STOCKHOLM (Reuters) – Tesla is facing growing pressure in Sweden from unions backing mechanics demanding a collective bargaining agreement with the U.S. carmaker, with workers at one of its suppliers set to go on strike next week.
Tesla has no manufacturing plant in Sweden but its electric cars are serviced at workshops across the country, where around 130 mechanics affiliated with Swedish union IF Metall began a strike on Oct. 27.
They were soon joined by dockworkers and car dealerships who refused to handle Tesla products.
About 50 unionised workers at Hydro Extrusions, a subsidiary of Norwegian aluminium and energy company Hydro, will stop work on Tesla car products next Friday, a spokesperson for the company said. The rest of the plant, located in the city of Vetlanda, will keep running, the spokesperson added.

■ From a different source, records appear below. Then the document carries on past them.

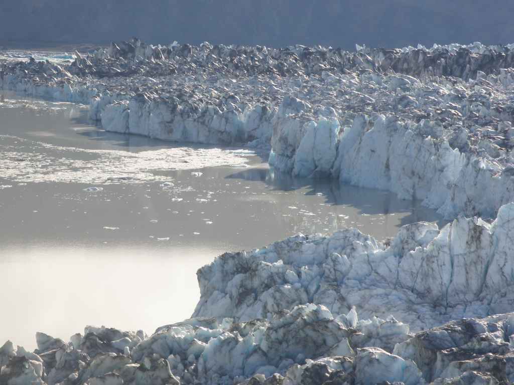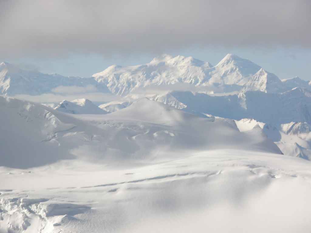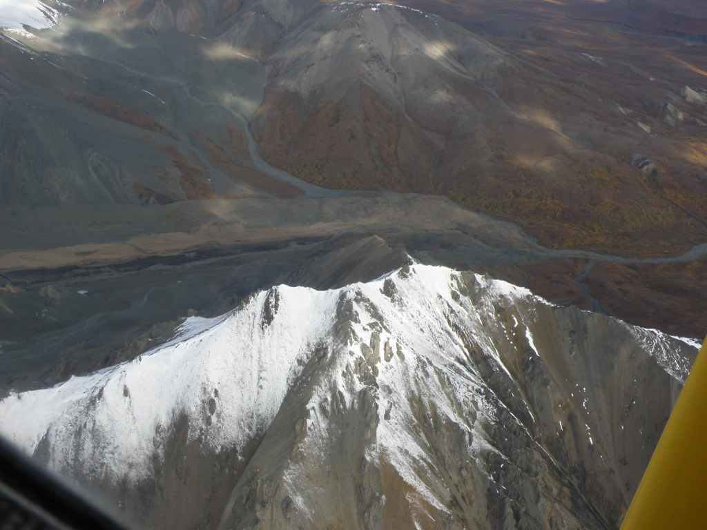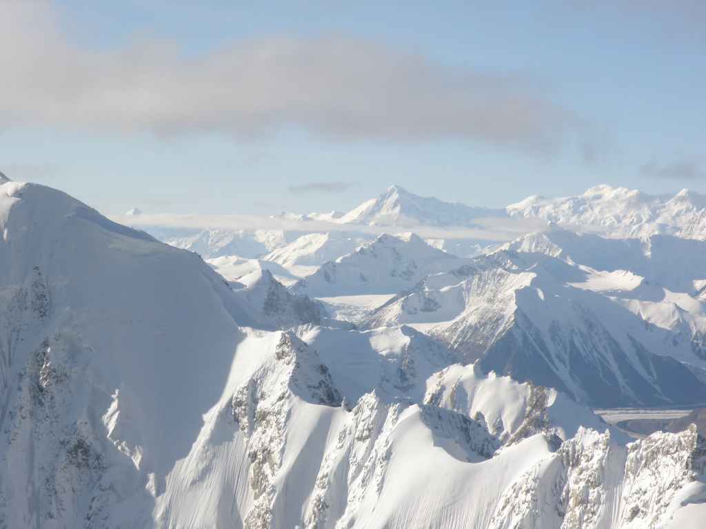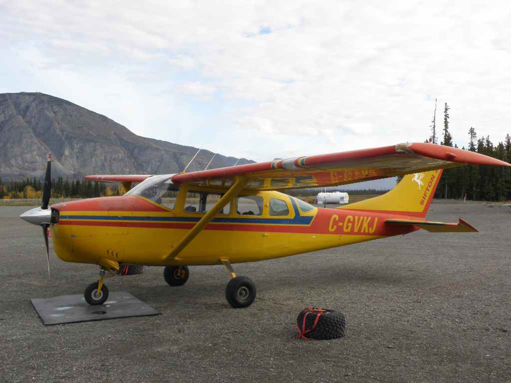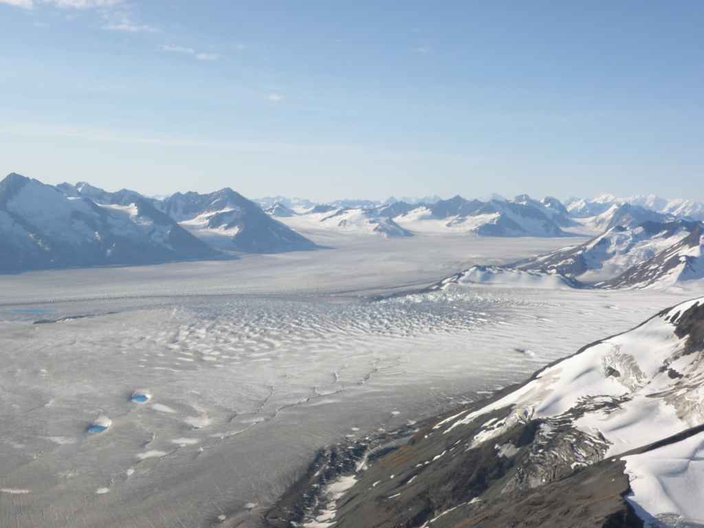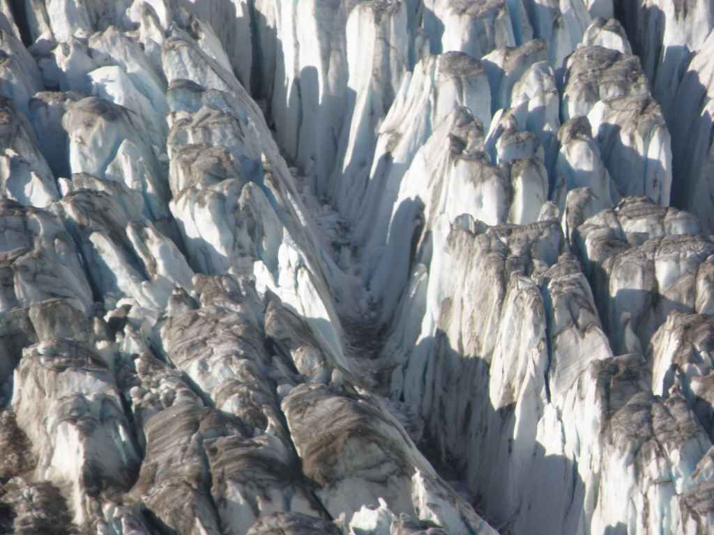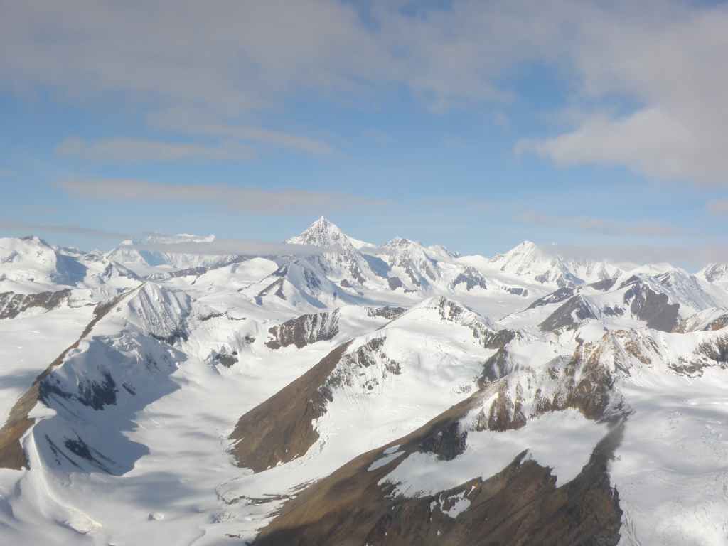 Nous nous rendons à l’aérodrome sous un ciel couvert malgré quelques éclaircies au loin. Nous ne sommes pas sûrs de prendre l’air mais le pilote est confiant et nous invite à monter dans son petit coucou. C’est notre premier vol dans ce type d’avion et je stresse un peu… Décollage et, et… peu de mots existent pour décrire ce que nous voyons. C’est grandiose, fantastique, exceptionnel !!! Nous survolons la plus grande surface glaciaire au monde, si on excepte les 2 pôles, sous un soleil éclatant. On aperçoit au loin le mont Logan et ses 5985 m. On fait du rase-motte au-dessus des crevasses des glaciers… c’est quelque chose ! 1 heure c’est trop court…
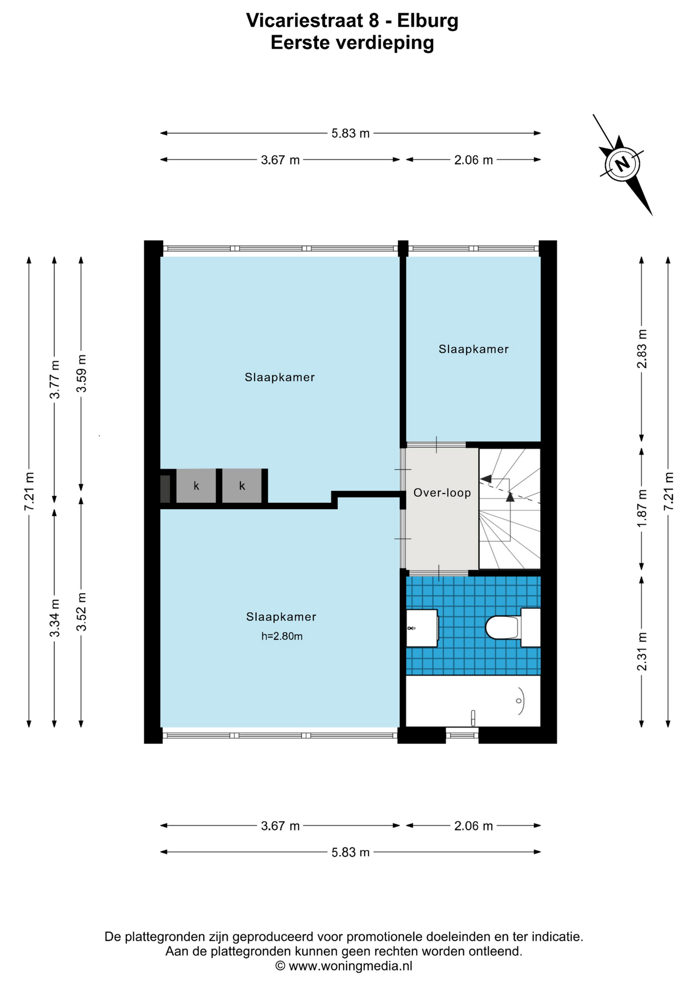 Middels de overloop zijn de drie slaapkamers te bereiken. De grote slaapkamer aan de achterzijde beschikt over vaste kastruimte.
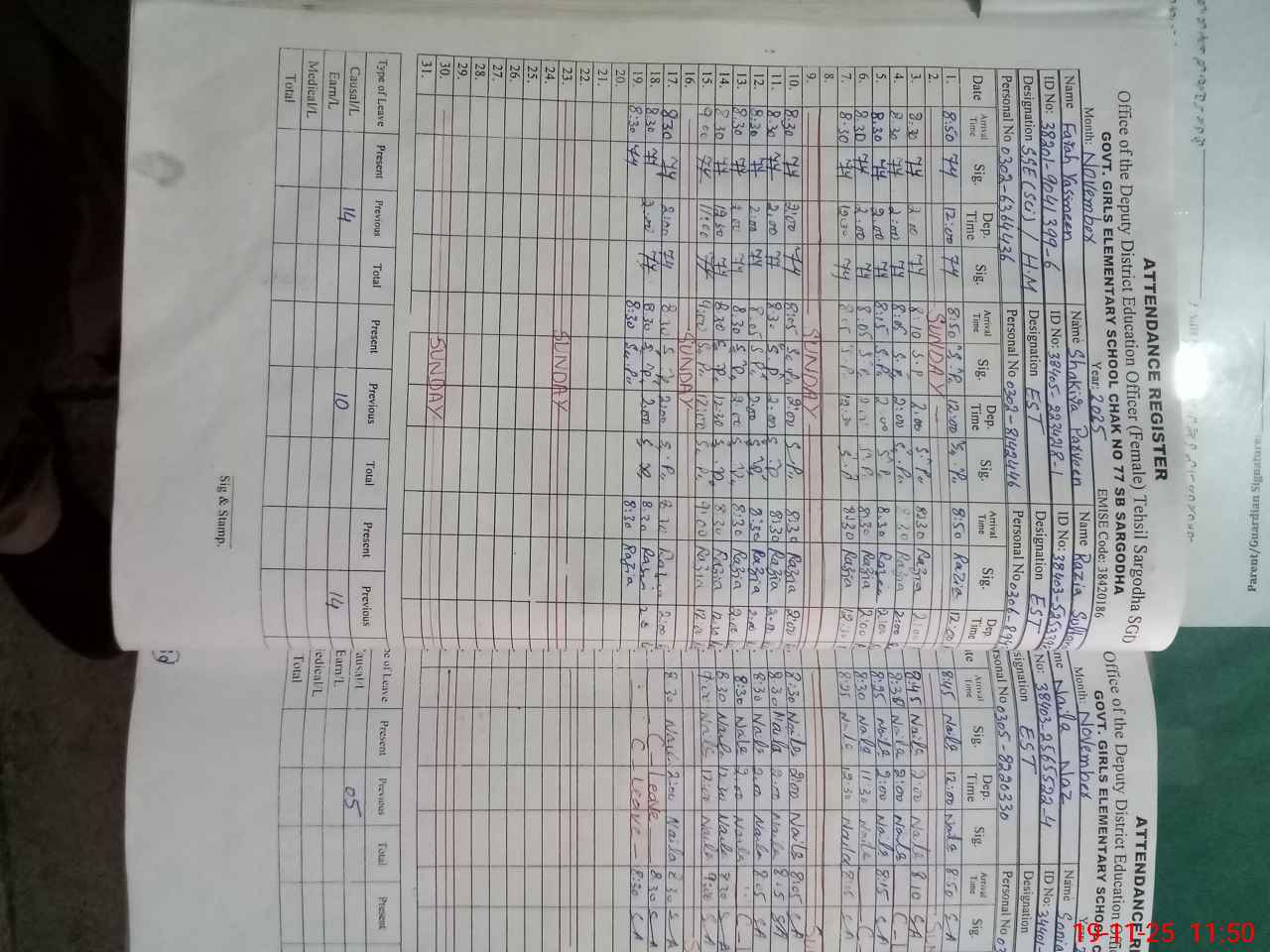 | CNIC | Full Name | Designation | R/C | Absence During Last Calender Month |
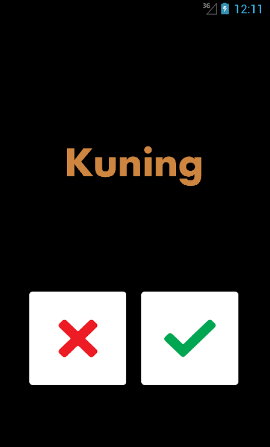 jadi kamu hanya cukup mengatakan/tab benar atau salah gitu aja sesuai apa yang kamu lihat, jika kalian lihat tulisan diatas itu warna coklat namun tulisanya mengatakan kuning, hal yang berbenturan pasti secara tidak langsung otak kamu pertama kali main ini akan tawuran. hal itu wajar sebab selama ini kita tidak pernah melatih keduanya.
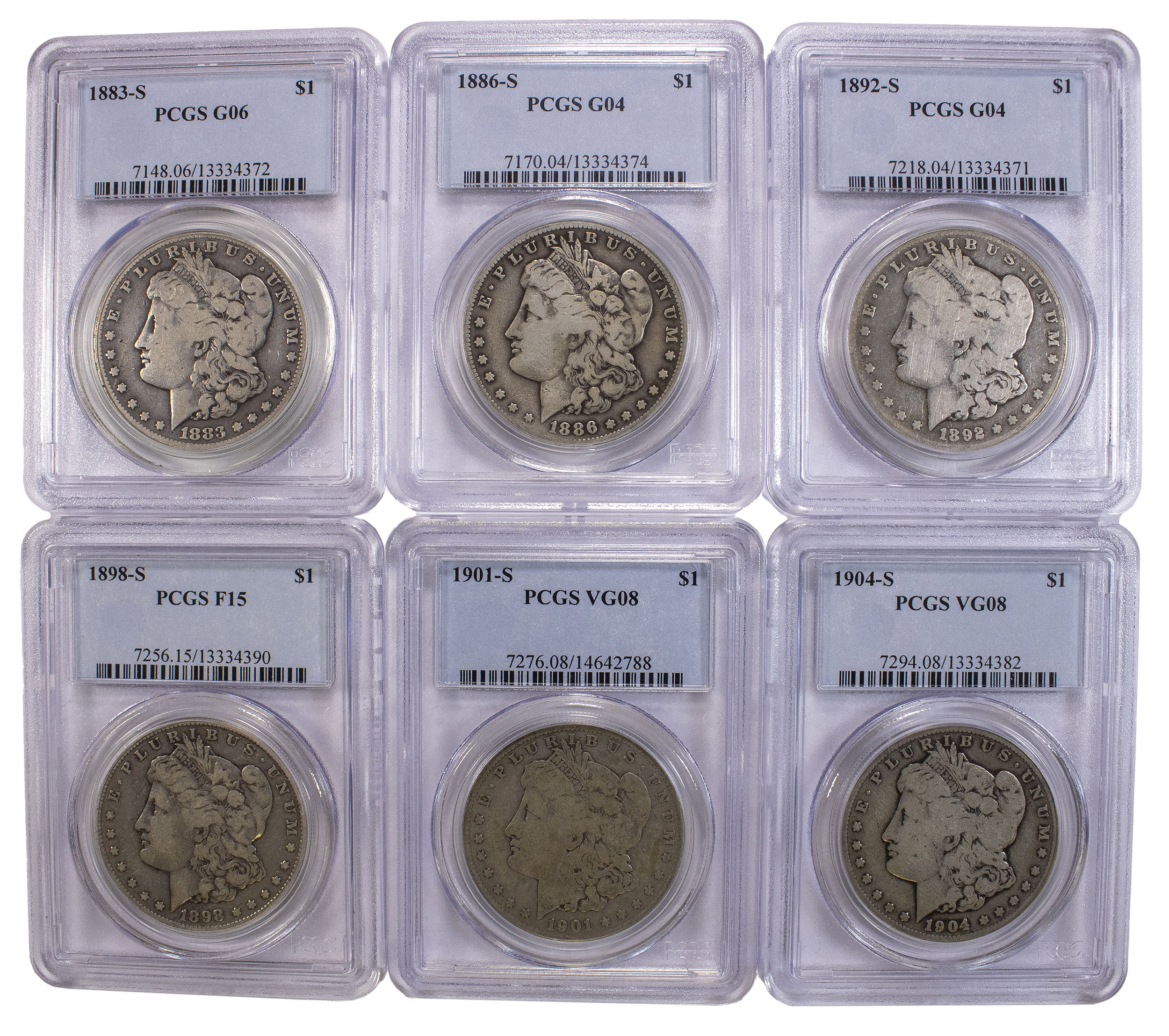 6 PCGS "S" Mint Morgan Dollars
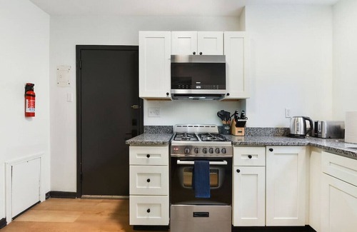 Located right in the heart of Lawrenceville on Butler St you can't beat this location! Our 1st floor apartment is tastefully furnished and stocked for short term and longer term stays - perfect for living and working, or quick getaways! Our well appointed kitchen is great for cooking, our two desks are perfect for two work from home travelers, our cozy bedroom invites you to sleep in, and the living room's couch and smart TV invite you to relax!
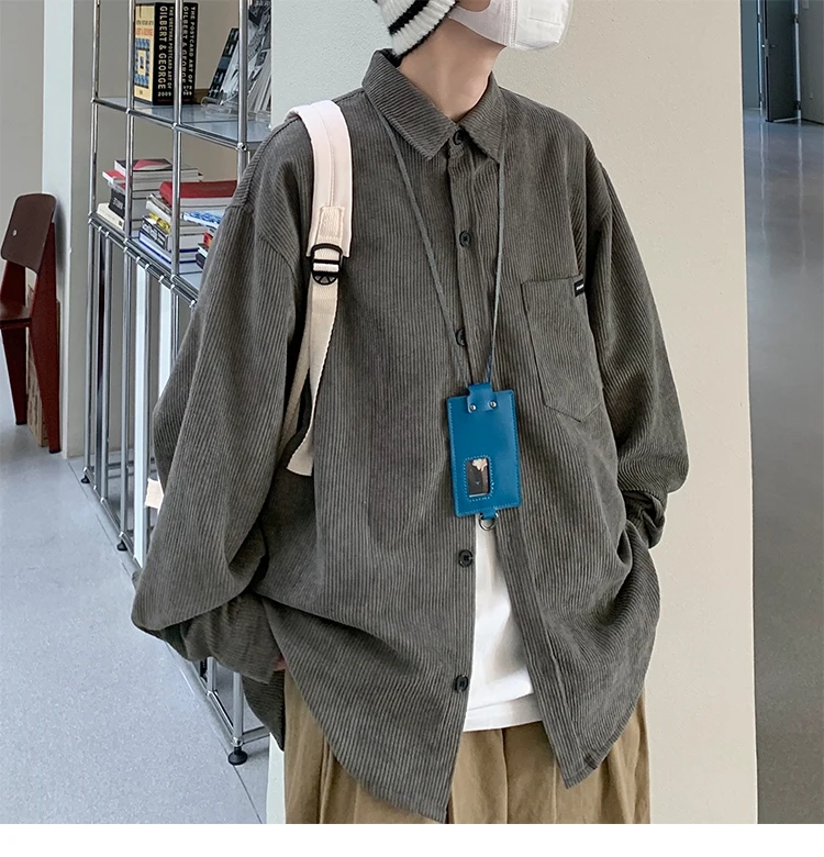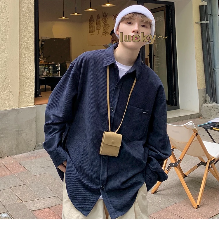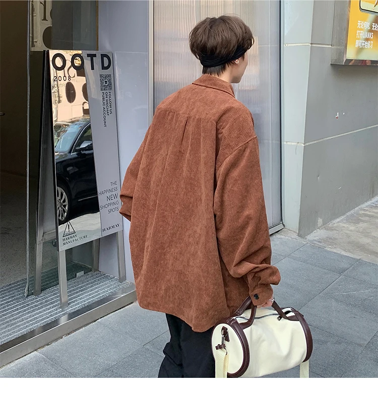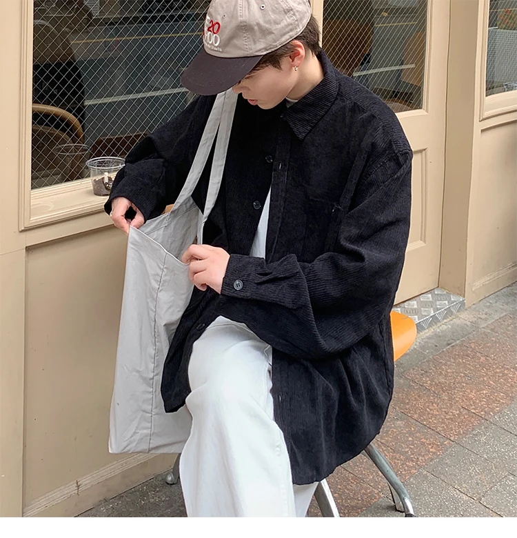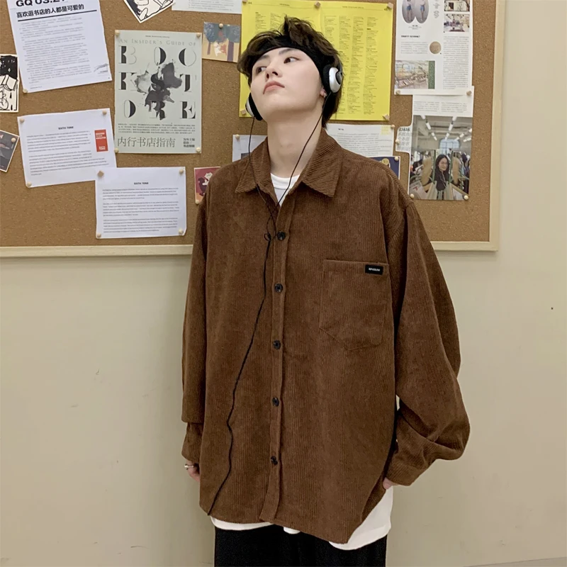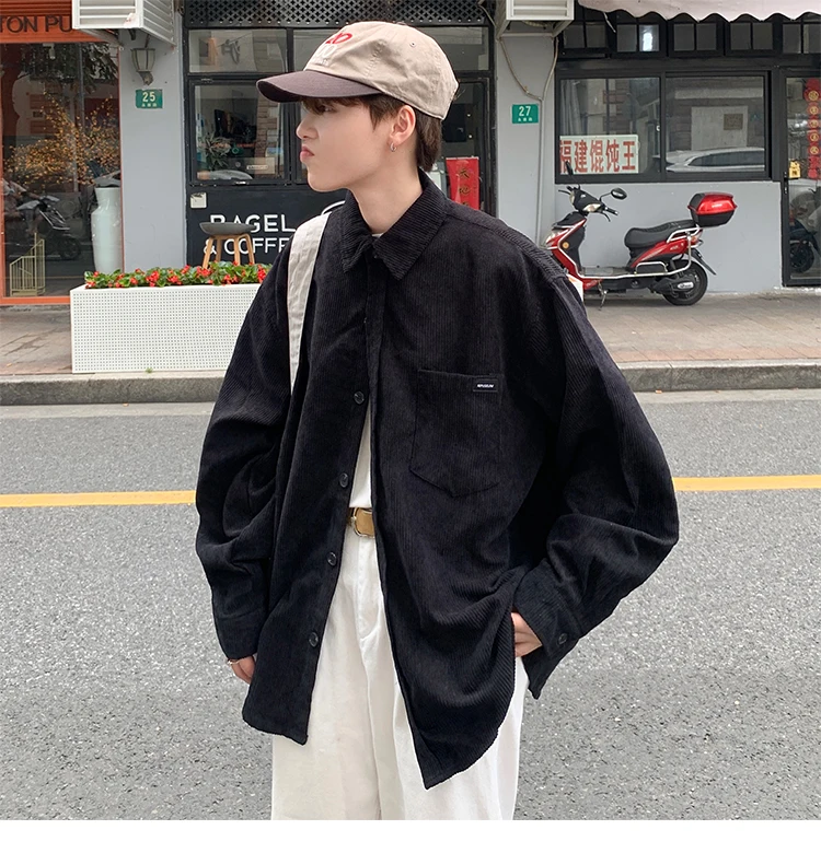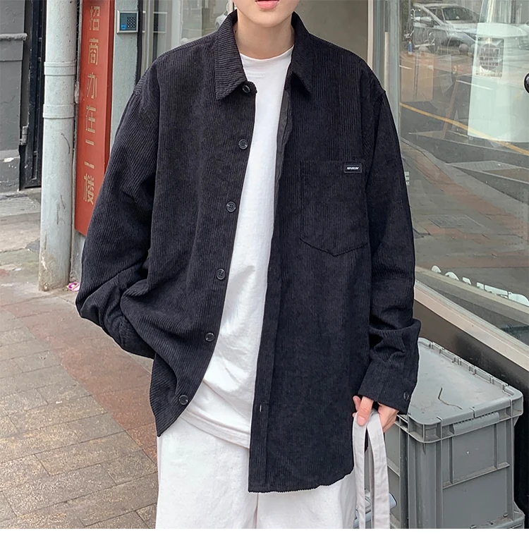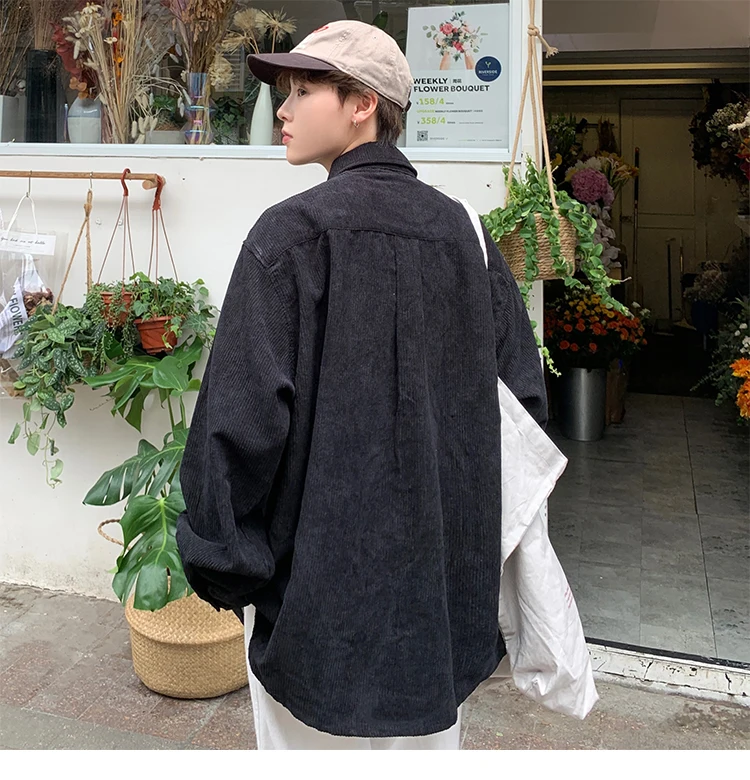 Men Corduroy Vintage Harajuku Shirts 2023 Autumn Mens Korean Fashions Button Up Shirts Male Long Sleeve Black Shirt 2XL
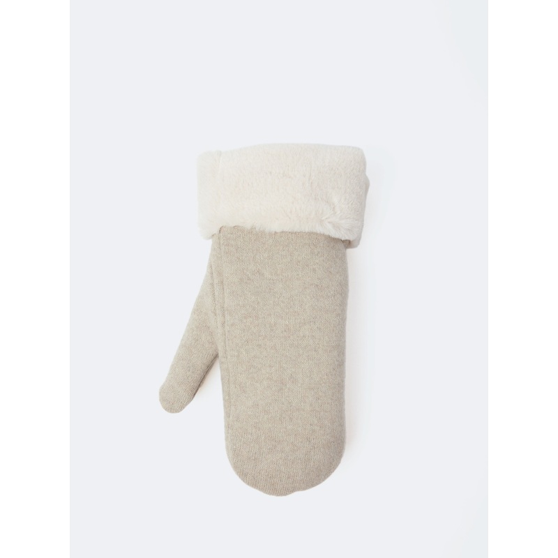 Wool blend mittens with a faux fur trimmed cuff.

Hydro Extrusions’s Vetlanda plant makes aluminium profiles – aluminium alloys transformed into shapes, and is the first Tesla supplier in Sweden to down tools in support of the mechanics’ strike.
Tesla did not immediately respond to a request for comment.
The carmaker told IF Metall on Nov. 6 it did not want to sign a collective agreement, the union said.
“We want Tesla Sweden to sign a collective agreement… We want this conflict to be as brief and short as possible,” IF Metall spokesperson Jesper Pettersson said.
German unions have pressured the carmaker to implement a similar agreement for its 11,000 workers in Gruenheide, near Berlin.
It raised wages by 4% earlier this month, but German union IG Metall claims wages remain around 20% below those offered under collective agreements.